Problem to work on
Would you please repeat all of the data exactly, omitting the pictures?
*** Opening of The data ***
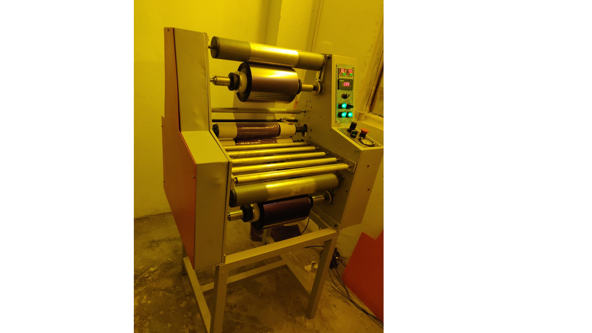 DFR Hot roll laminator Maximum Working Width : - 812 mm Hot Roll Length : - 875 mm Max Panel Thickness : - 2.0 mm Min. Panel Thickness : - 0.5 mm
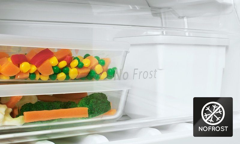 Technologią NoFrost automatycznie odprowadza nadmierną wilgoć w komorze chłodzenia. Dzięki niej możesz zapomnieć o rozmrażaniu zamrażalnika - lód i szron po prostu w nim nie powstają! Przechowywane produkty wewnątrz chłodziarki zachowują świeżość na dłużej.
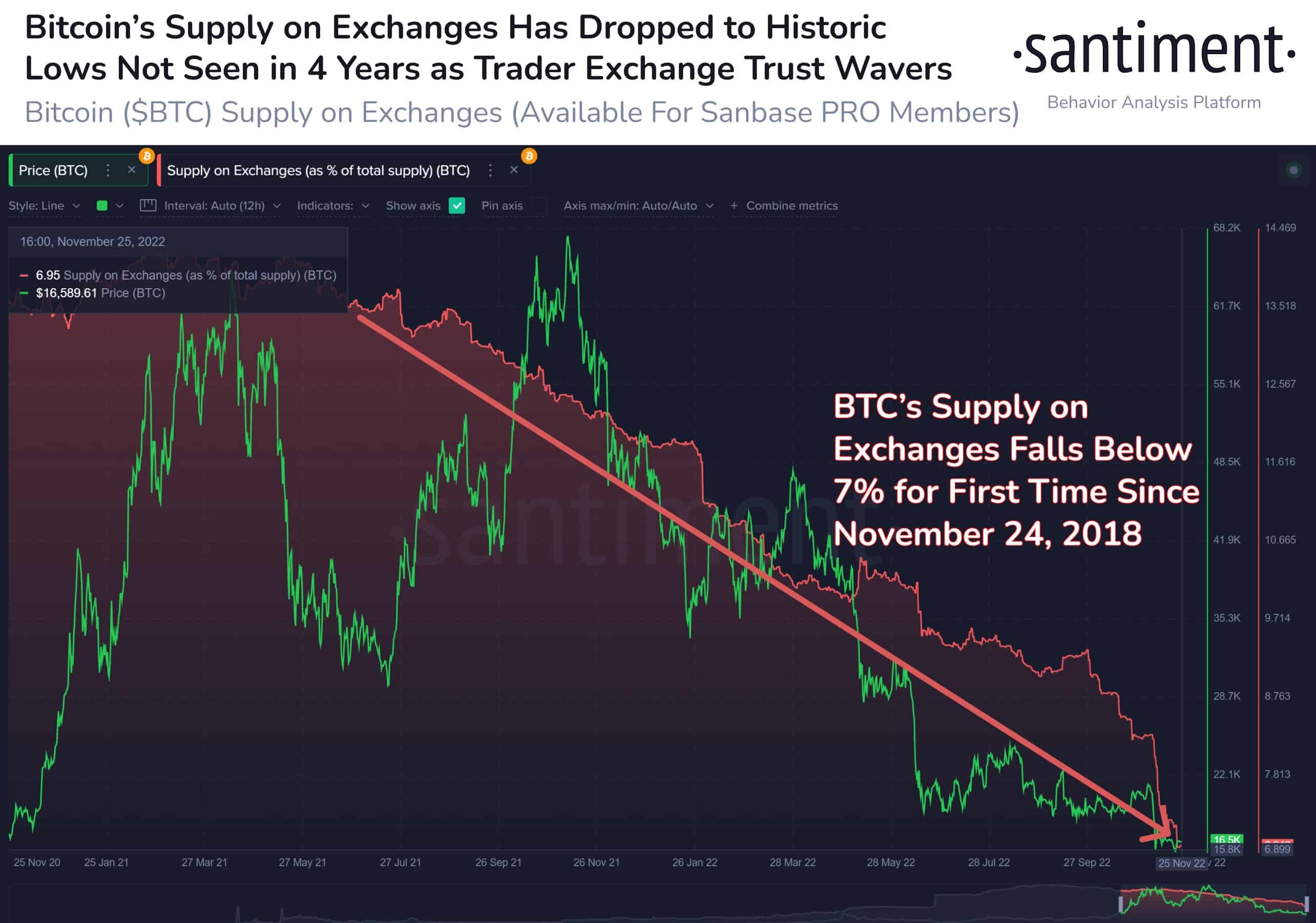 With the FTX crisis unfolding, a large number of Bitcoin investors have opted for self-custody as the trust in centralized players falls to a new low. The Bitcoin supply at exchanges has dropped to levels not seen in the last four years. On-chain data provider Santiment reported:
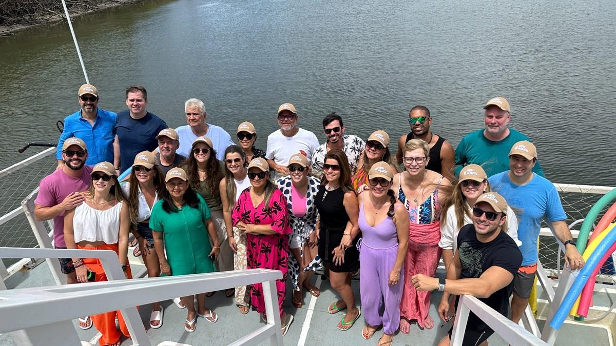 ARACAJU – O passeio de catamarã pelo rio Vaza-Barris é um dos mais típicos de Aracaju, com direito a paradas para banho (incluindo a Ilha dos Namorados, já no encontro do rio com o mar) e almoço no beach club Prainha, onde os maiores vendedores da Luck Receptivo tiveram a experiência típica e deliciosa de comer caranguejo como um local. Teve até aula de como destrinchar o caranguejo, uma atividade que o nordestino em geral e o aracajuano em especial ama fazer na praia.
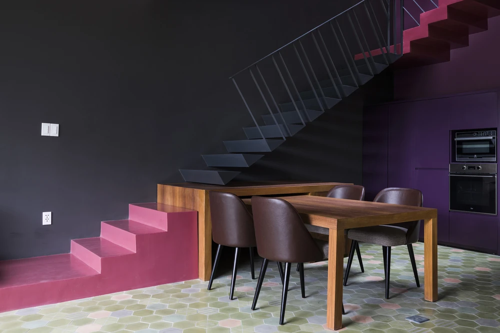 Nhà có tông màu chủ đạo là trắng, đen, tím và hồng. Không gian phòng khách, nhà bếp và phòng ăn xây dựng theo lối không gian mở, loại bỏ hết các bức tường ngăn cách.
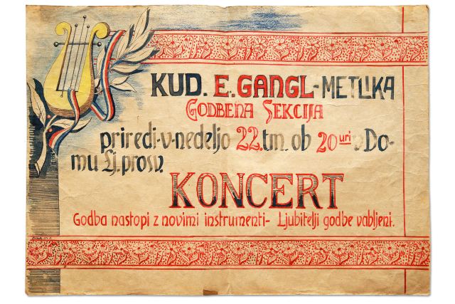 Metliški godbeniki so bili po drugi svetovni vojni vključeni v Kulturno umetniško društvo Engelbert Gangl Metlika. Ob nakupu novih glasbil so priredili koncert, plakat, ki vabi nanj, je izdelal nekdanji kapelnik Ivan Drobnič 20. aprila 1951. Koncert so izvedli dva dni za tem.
*** Close of The data ***
Answer space
 DFR Hot roll laminator Maximum Working Width : - 812 mm Hot Roll Length : - 875 mm Max Panel Thickness : - 2.0 mm Min. Panel Thickness : - 0.5 mm
 Technologią NoFrost automatycznie odprowadza nadmierną wilgoć w komorze chłodzenia. Dzięki niej możesz zapomnieć o rozmrażaniu zamrażalnika - lód i szron po prostu w nim nie powstają! Przechowywane produkty wewnątrz chłodziarki zachowują świeżość na dłużej.
 With the FTX crisis unfolding, a large number of Bitcoin investors have opted for self-custody as the trust in centralized players falls to a new low. The Bitcoin supply at exchanges has dropped to levels not seen in the last four years. On-chain data provider Santiment reported:
 ARACAJU – O passeio de catamarã pelo rio Vaza-Barris é um dos mais típicos de Aracaju, com direito a paradas para banho (incluindo a Ilha dos Namorados, já no encontro do rio com o mar) e almoço no beach club Prainha, onde os maiores vendedores da Luck Receptivo tiveram a experiência típica e deliciosa de comer caranguejo como um local. Teve até aula de como destrinchar o caranguejo, uma atividade que o nordestino em geral e o aracajuano em especial ama fazer na praia.
 Nhà có tông màu chủ đạo là trắng, đen, tím và hồng. Không gian phòng khách, nhà bếp và phòng ăn xây dựng theo lối không gian mở, loại bỏ hết các bức tường ngăn cách.
 Metliški godbeniki so bili po drugi svetovni vojni vključeni v Kulturno umetniško društvo Engelbert Gangl Metlika. Ob nakupu novih glasbil so priredili koncert, plakat, ki vabi nanj, je izdelal nekdanji kapelnik Ivan Drobnič 20. aprila 1951. Koncert so izvedli dva dni za tem.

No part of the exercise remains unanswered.